Brigadier General John Adam Tytler (29 October 1825 – 14 February 1880) was a recipient of the Victoria Cross, the highest and most prestigious award for gallantry in the face of the enemy that can be awarded to British and Commonwealth forces.

==Biography==
Tytler was born in Munger, the son of John Tytler, an East India Company surgeon. The family was related to Lord Gillies, cousin of Sir Alexander Burnes.
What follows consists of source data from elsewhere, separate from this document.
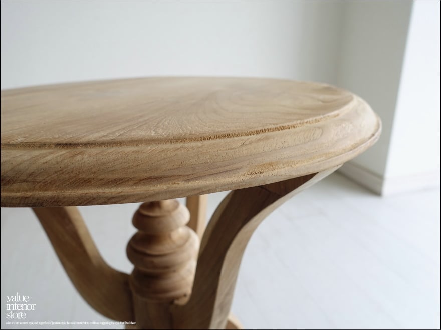 落ち着いた大人の雰囲気があります。チークの硬く張りのある特徴を引き出す丸型の天板を美しい脚が支えていて、そのバランスがとても上品です。
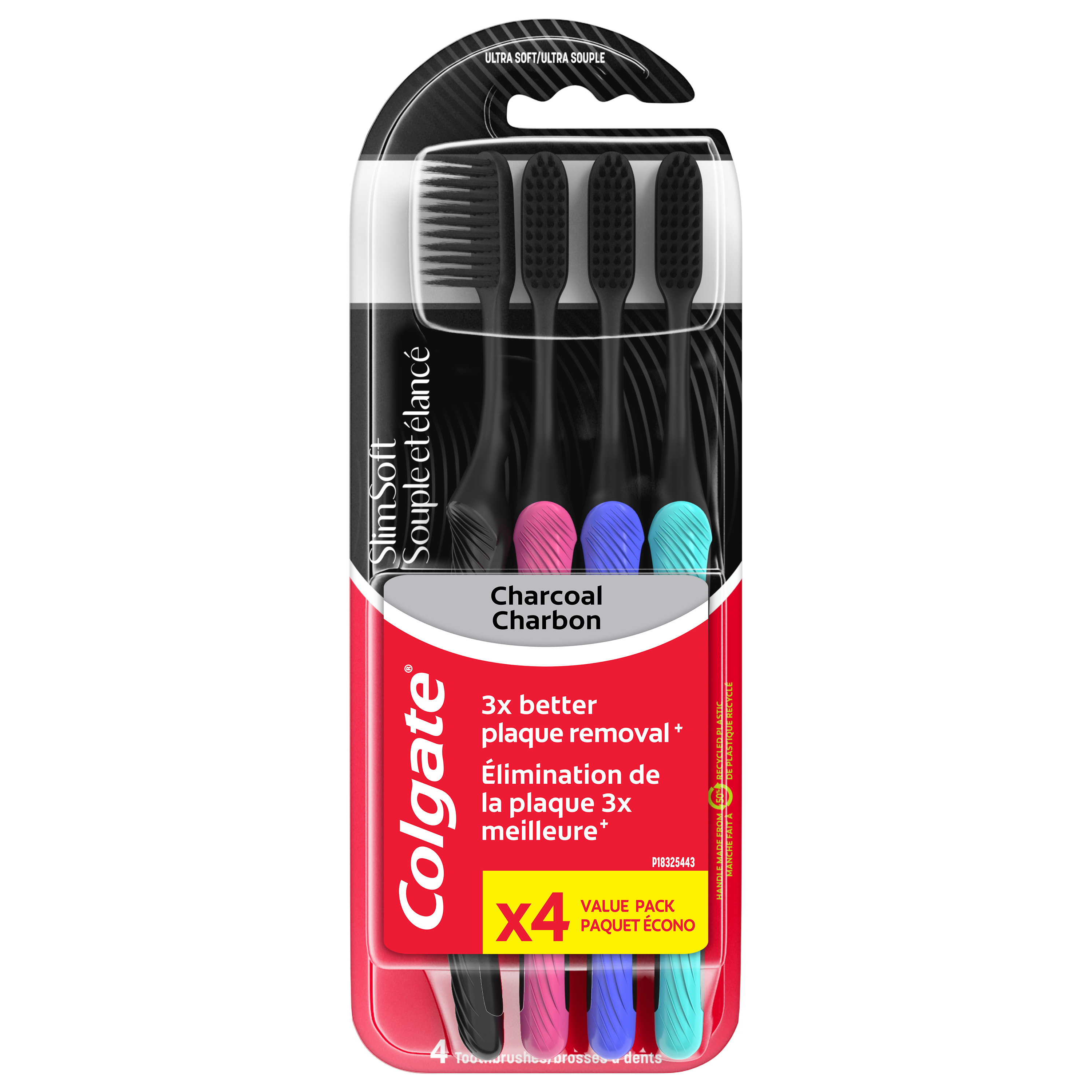 Product Title Colgate Slim Soft Charcoal Toothbrush 17x Slimmer Tip Soft Bristles - 4 Count SKU CN08101A SKU eCommerce Name Colgate Slim Soft Charcoal Toothbrush 17x Slimmer Tip Soft Bristles - 4 Count Consumer Unit - GTIN 00035000978479 Case - GTIN 10035000978476 Product Category Oral Care Product Sub Category Manual TB Brand Colgate Product Sub Brand Colgate Slim Soft Man TB Consumer Unit Gross Weight 0.100 KG / 0.221 LB Consumer Unit Net Weight 0.044 KG / 0.097 LB Consumer Unit Length 229.000 MM / 9.016 IN Consumer Unit Width 85.000 MM / 3.346 IN Consumer Unit Height 23.000 MM / 0.906 IN Consumer Unit Volume 0.448 C8 / 0.016 CF Product Title Colgate Slim Soft Charcoal Toothbrush 17x Slimmer Tip Soft Bristles - 4 Count eCommerce Copy Colgate Slim Soft Charcoal Toothbrush, with charcoal infused bristles, cleans deep in between teeth. eCommerce Copy- Long Description Colgate Slim Soft Charcoal Toothbrush, with charcoal infused bristles, cleans deep in between teeth. 17x slimmer tip bristles* are specially designed for a deep and gentle clean. Helps sweep food and plaque from around the gum line. Toothbrush comes with soft bristles. *Slimmer tips vs. end rounded bristles Keywords (eCommerce) teethbrush, tooth, brush, tooth brush, manual, best, gums, flosser, floss, adult, sensitive, value, interdental, dentist recommended, gentle, cleans gently, non-electric, mouth care, good, handle, soft, black, oral care, value, small mouth, fine bristles, slim, soft charcoal
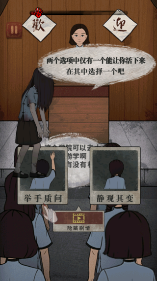 女寝异闻游戏是一款民国背景的悬疑解谜游戏。玩家在游戏中扮演的角色为了调查妹妹失踪的秘密而入读同一所女子学院。这个挑战有复古的背景。你需要扮演角色并面对各种艰难的选择。游戏虽然操作不难,但也有非常恐怖的场景和氛围。你必须通过简单的剧情场景带来真正惊心动魄的挑战。这个游戏的具体玩法规则非常简单。玩家只需要完成两个不同的选项即可进行选择。你必须面对成功的一半概率。玩家必须帮助角色逃离怨灵的魔爪。对于喜欢恐怖游戏的玩家来说这确实是一个非常好的选择。同时也创造了方便玩家体验的游戏通关效率。
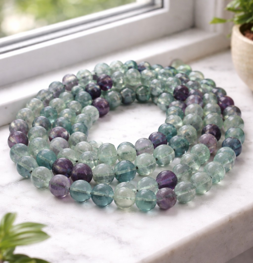 Produktinformationen "Regenbogen Fluorit Perlenstrang 8,5 - 8,6 mm (ca. 46 Perlen / ca. 39 cm Länge)"
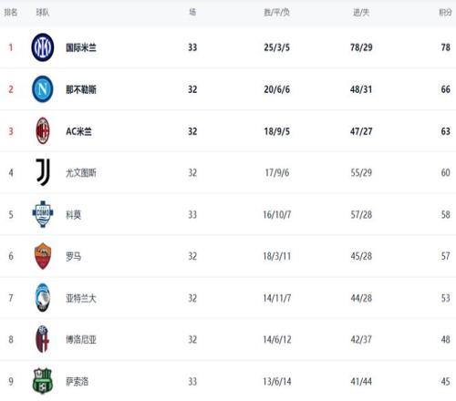 在積分榜上,國(guó)際米蘭25勝3平5負(fù),拿到78分,高居榜首位置。那不勒斯以66分排名第2。國(guó)際米蘭足足領(lǐng)先那不勒斯12分。這樣的差距讓冠軍歸屬幾乎失去懸念。AC米蘭就落后國(guó)際米蘭更多了,只拿到63分,排名第3。第4名的是尤文圖斯,拿到60分。輸球的科莫依然是58分,排名第5。羅馬以57分排名第6,比科莫少賽一場(chǎng)。亞特蘭大拿到53分,排名第7。拉齊奧只有44分,排名第10。

Tytler was 32 years old, and a lieutenant in the 66th Bengal Native Infantry, Bengal Army, and served initially under Sir Colin Campbell on the Peshawar frontier (1851–52) and Boori Pass (1853). He was later in the 1st Gurkha Rifles during the Indian Rebellion of 1857 when the following deed took place on 10 February 1858 at Choorpoorah, India for which he was awarded the VC:
On the attacking parties approaching the enemy's position under a heavy fire of round shot, grape, and musketry, on the occasion of the action at Choorpoorah, on the 10th February last, Lieutenant Tytler dashed on horseback ahead of all, and alone, up to the enemy's guns, where he remained engaged hand to hand, until they were carried by us; and where he was shot through the left arm, had a spear wound in his chest, and a ball through the right sleeve of his coat.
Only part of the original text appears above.